Connect a GC controller into a Commodore 64/128

---DISCLAIMER---

I TAKE NO RESPONSIBILITY AND/OR LIABILITY IF DAMAGES/LOSSES OR INJURY IS CAUSED USING THIS INFORMATION. YOU USE THIS INFORMATION AT YOUR OWN RISK.

The original MIT liscence and disclaimer is included in main.c as a precaution.

---DISCLAIMER---

PARTS LIST

1x Raspberry Pi Pico 1x TXS0108E 5x 1N4148 Switching Diodes 1x DB9 Female connector 1x plug for GC controller. Good luck with that one.

A wire with 8 conducting lines, such as a ethernet cable should work. Soldering experience is an asset. Heatshrink is nice but not required.

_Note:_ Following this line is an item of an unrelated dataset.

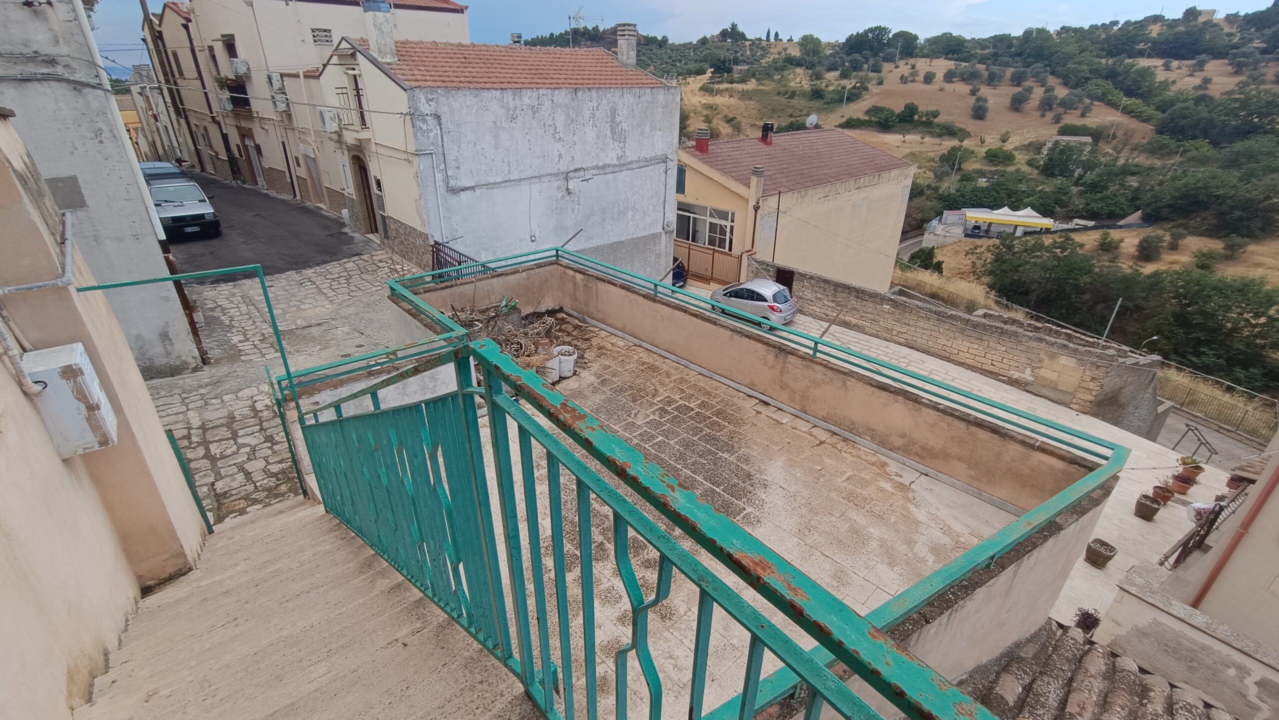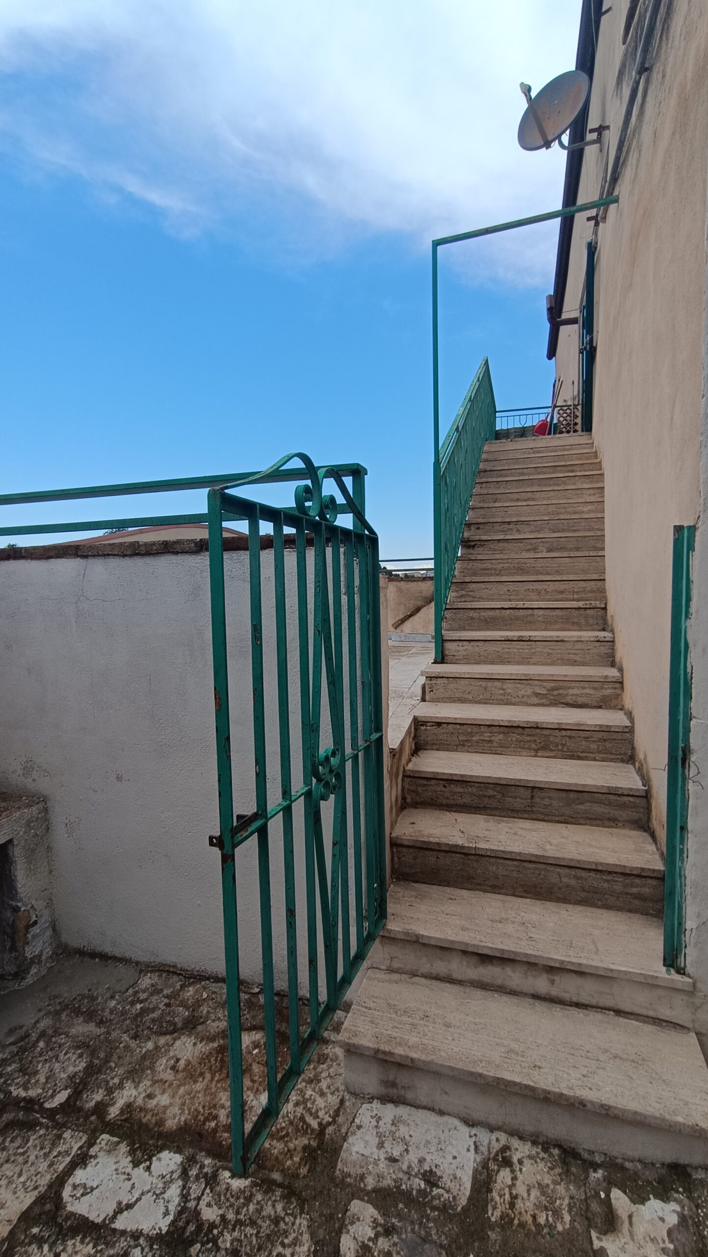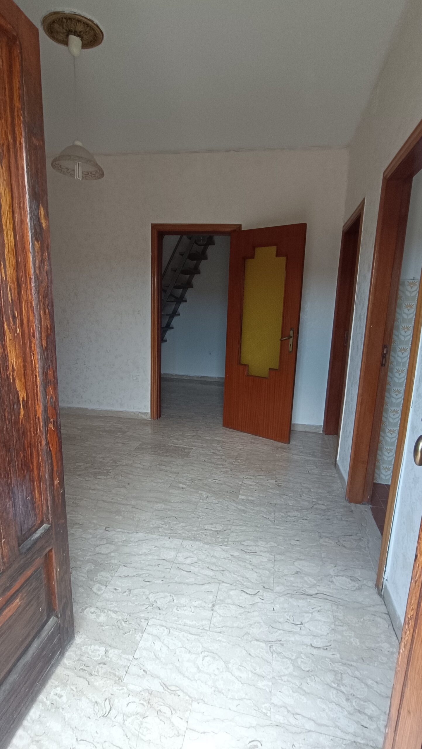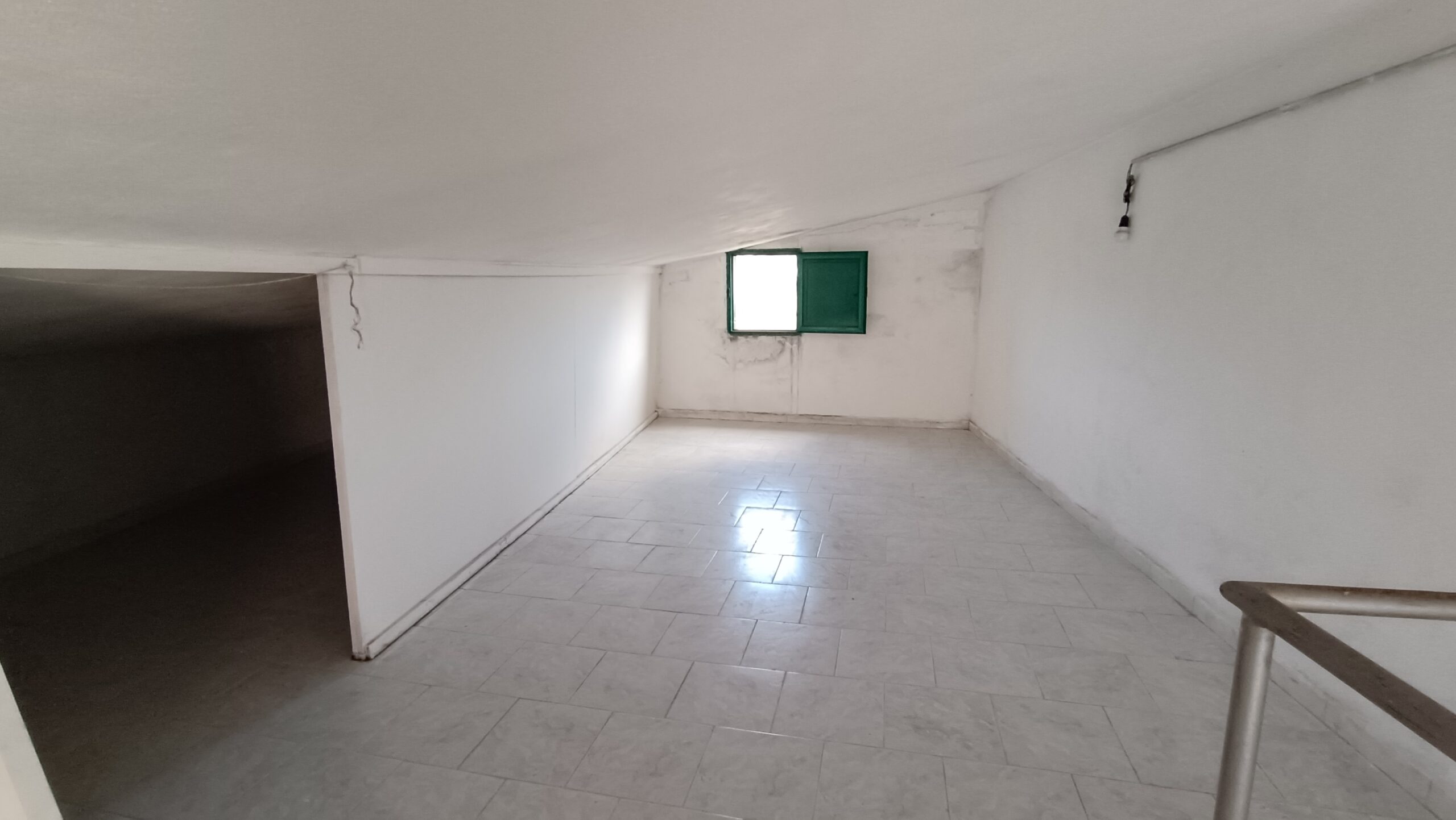 All’abitazione al primo piano si accede tramite una scala esterna e vanta un accesso ad un terrazzo esterno di 60 m²; si presenta con una superficie catastale di 86 m² e si articola a partire da un ampio ingresso, una cucina, una camera da letto e un ulteriore vano. Tramite una scala interna si accede ad un sottotetto che nella parte più alta è ad altezza uomo, e ad un ulteriore terrazzino. A completare la proprietà è presente un garage di 60 m², al di sotto del terrazzo.

A few notes about this design.

This is designed to work with a Raspberry Pi Pico. It does not use PIO instead relying on NOPS for cycle specific timing.

Open collector I/O holds a data line high for logical 0 and pulls to ground for a logical 1. This is very important to note for this design and the code that goes with it. You should never put voltage on open collector I/O as a precaution.

As far as I understand, the GC controller uses an open collector I/O and is suppose to use 3.43 volts, however it has been my experience it is perfectly happy with 3.3V. The timing has been tested against an oscilloscope and it shouldn't be able to drive the data line to 3.3V when the GC controller is driving the line low to ground. Putting a voltage onto an open collector I/O is bad and can damage parts. As a precaution, I've set the drive current to 2 millamps and then have the code immediately after set a pull up resistor. The data sheet does not specify if this turns off the drive current on the GPIO. The pull up resistor is something around 60K ohm and should only allow approximately 55 microamps when holding the line at high, 3.3V. When the GC controller is idle, both it and the Raspberry Pi Pico will hold the line at 3.3V and no current should be able to flow along the dataline. I've been using it this way without any issue for awhile now.

the Commodore 64/128 uses open collector I/O. The level converters in this design do not play nice with this and can damage your equipment. I had used 5x 1N4148 switching diodes to compensate for this. They only allow current to flow in one direction, out of the Commodore, protecting the (extremely) difficult to replace hardware contained within. The level converter is in place to ensure the the GPIO on the Raspberry Pi only ever sees 3.3V at max, protecting its pins as well.

The joystick port of the Commodore is documented to only allowed up to 100mA to be drawn from the joysick port. I have looked at the circuit schematics and on the board itself and have verified it ties directly into the 5V rail of the version I own. This might be different on different machines. I have also placed a multimeter in the circuit and verified it only draws 25mA average on load.

This circuit has also been tested and works with an original Atari 2600. It does not work with an Atari Flashback 8.

Please also do not plug in the Raspberry Pi Pico into a usb port to program it while this circuit is also plugged into a Commodore. It will try to power the 5V rail of the Commodore causing a power surge on the USB port. This was learned by accident. (whoopsie)

Although I've taken many precautions to ensure the safety of equipment and have even tested this circuit extensively, I am only human, I might has missed something or coded something incorrectly. It is your responsbility to ensure the accuracy and safety of the information provided.

---DISCLAIMER---

I TAKE NO RESPONSIBILITY AND/OR LIABILITY IF DAMAGES/LOSSES OR INJURY IS CAUSED USING THIS INFORMATION. YOU USE THIS INFORMATION AT YOUR OWN RISK.

The original MIT liscence and disclaimer is included in main.c as a precaution.

---DISCLAIMER---

With that said, please be diligent, look over the code, check the circuit, and ensure you are being safe.